TASK OBJECTIVE:
Write out the entries below exactly, starting at the first line and stopping after the line that contains "Auch im Kindergarten"; skip all pictures.

RECORDS FOR PROCESSING:

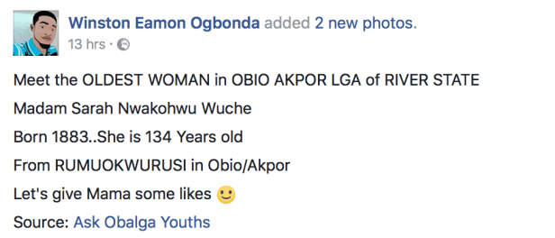 Madam Sarah Nwakohwu Wuche from Rumuwokerebe in Rumuokwurusi community, reportedly born 1883, now aged 134 years, is said to be the oldest woman in Obio Akpor LGA, Rivers state.
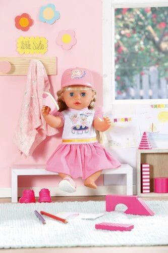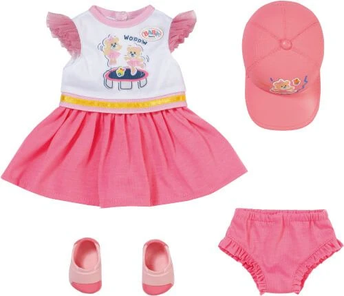 Auch im Kindergarten wird Sport gemacht, mit diesem hübschen Outfit sind die BABY born Little Puppen perfekt dafür ausgestattet. Das Set beinhaltet Kleid mit Aufdruck, Unterhose, Sneaker und eine coole Cap.
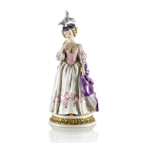 Add a Venetian flair to your home. The Venice Carnival is the most famous and sophisticated carnival in the world with colorful costumes and masks. Villari has carefully captured in porcelain the most important characters of the the Italian commedia dell'arte such as Harlequin, Colombina, Pantalone, Pierrot, Scaramouche… This Isabella mask reflects the splendor of the Venice Carnival. Isabella is certainly the most known character among all female Lovers. Elegantly dressed, Isabella has been faithfully shaped and decorated in Italy by skilled master craftsmen. Presented in a yellow Villari gift box this figurine will make a timeless gift idea and will look stunning in a display cabinet paired with other figurines of the commedia dell'arte to complete the collection.
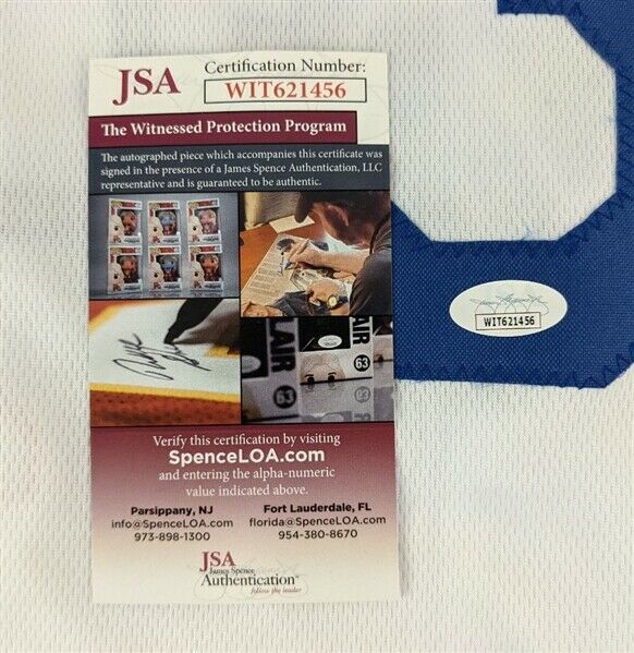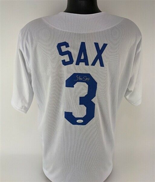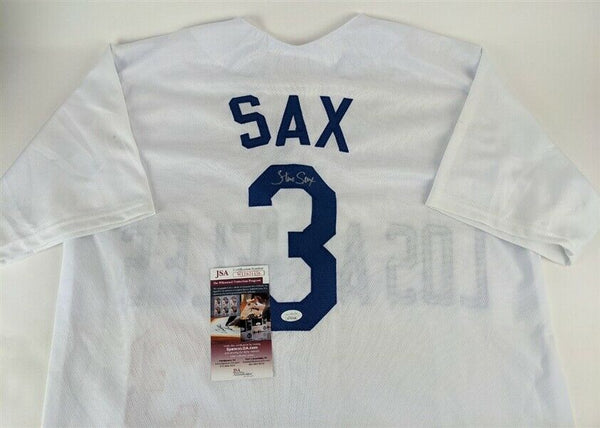 This autographed jersey has been personally hand-signed by Steve Sax of the Los Angeles Dodgers. This autograph is certified by James Spence Authentication's (JSA) Witnessed Protection Program. That means that a JSA representative was present when this item was signed. It comes with the numbered hologram and matching Certificate of Authenticity.Custom on-field style jerseys are a more affordable option for autograph seekers. These jerseys do not have any brand name or tags and are made in the Philippines. They feature stitched on names and numbers and are made to look very similar to the on-field jerseys that the players wear. These custom jerseys are very commonly used in the memorabilia industry.
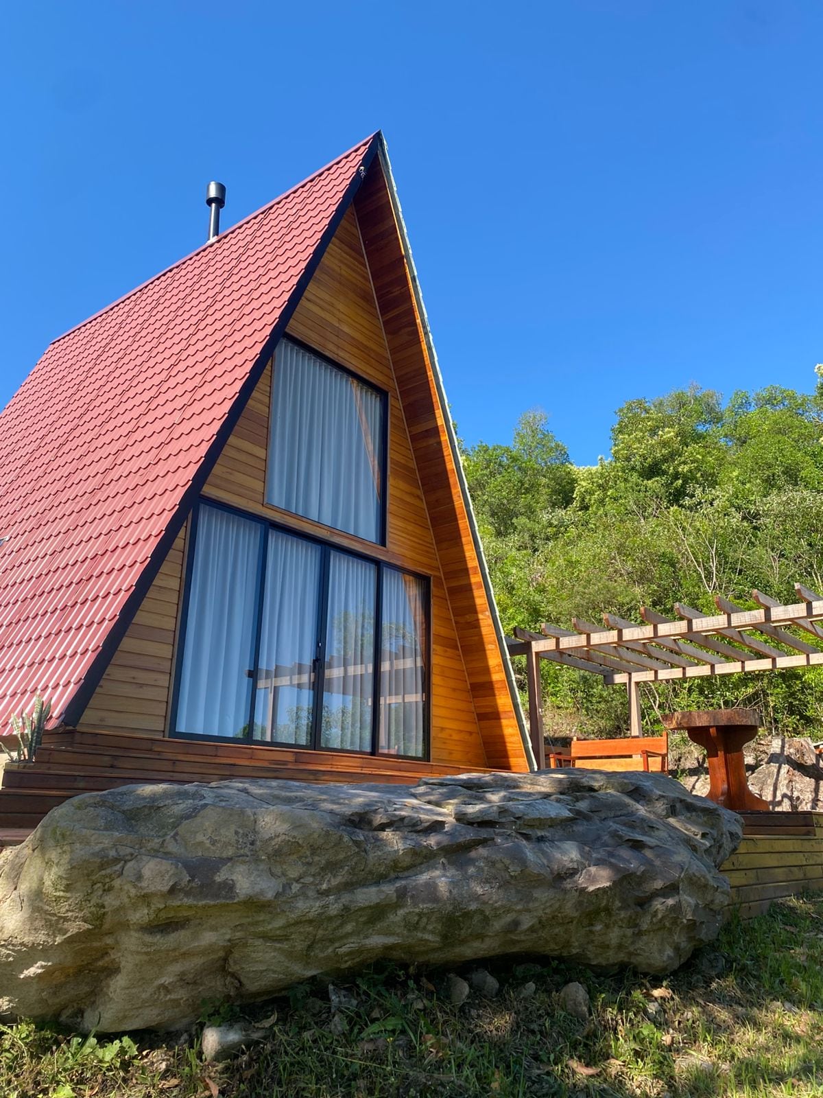 Uma cabana A frame imersa na mata nativa e nos parreirais de uma família de origem italiana. Projetada para acordar com o som dos pássaros e dormir com o barulho da água. O ponto alto fica logo na chegada, o deck fica em cima de uma cachoeira. A cozinha é completa com utensílios de ótima qualidade. O banheiro tem vista para a mata, banheira de imersão e amenities L'Occitane. Todos os cômodos são decorados nos mínimos detalhes. Ideal para relaxar e se colocar no compasso certo da vida.
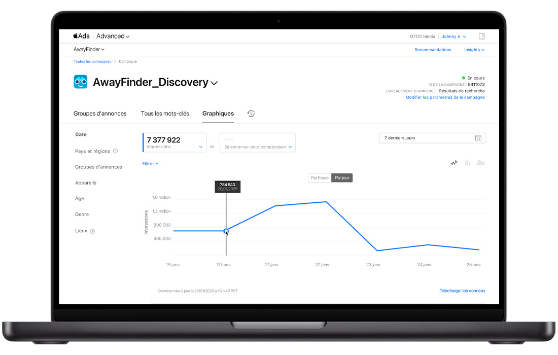 Le tableau de bord Graphiques d’Apple Ads vous permet d’afficher les performances par date, pays et régions, groupes d’annonces, mots-clés, appareils ou paramètres d’audience, et de représenter visuellement les statistiques suivantes :
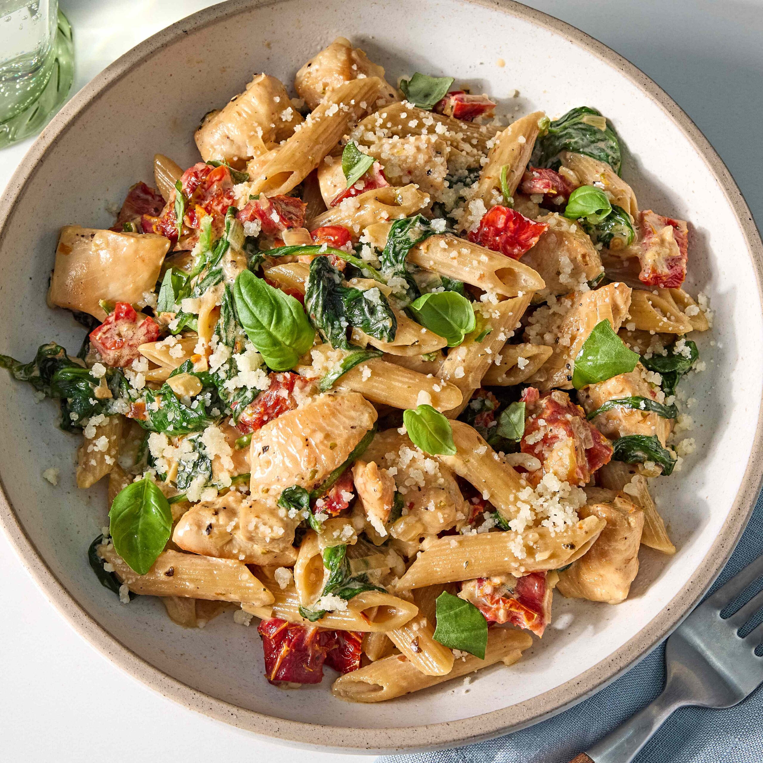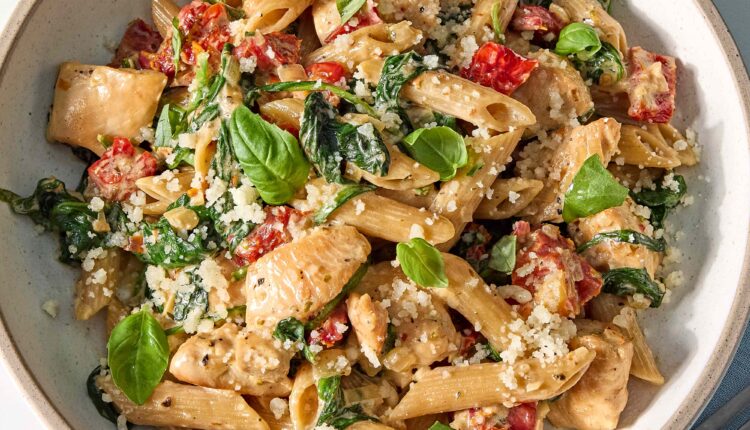 This easy “marry-me” dinner combines tender chicken, sun-dried tomatoes and whole-wheat pasta in a creamy, Parmesan-infused sauce. Fresh spinach and basil brighten the rich flavors, making this comforting meal weeknight-friendly yet special enough for company.
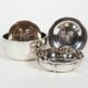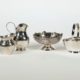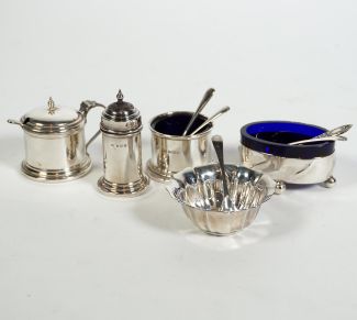 Konvolut von 5, meist England, bestehend aus: 3 Schälchen, ein Streuer (Glas/Öffnung klemmt) und ein Döschen, 1x auf vier Kugelfüßchen, 1x Klappdeckel (lose), 4x orig kobaltblaues Glas (tlw randig best.), dazu 4 Löffelchen, je MZ, Beschau, zus ca 103gr Silber (ohne Streuer und Glas gewogen), dazu zwei weitere versilberte Löffelchen

FINAL ANSWER:
 Madam Sarah Nwakohwu Wuche from Rumuwokerebe in Rumuokwurusi community, reportedly born 1883, now aged 134 years, is said to be the oldest woman in Obio Akpor LGA, Rivers state.
 Auch im Kindergarten wird Sport gemacht, mit diesem hübschen Outfit sind die BABY born Little Puppen perfekt dafür ausgestattet. Das Set beinhaltet Kleid mit Aufdruck, Unterhose, Sneaker und eine coole Cap.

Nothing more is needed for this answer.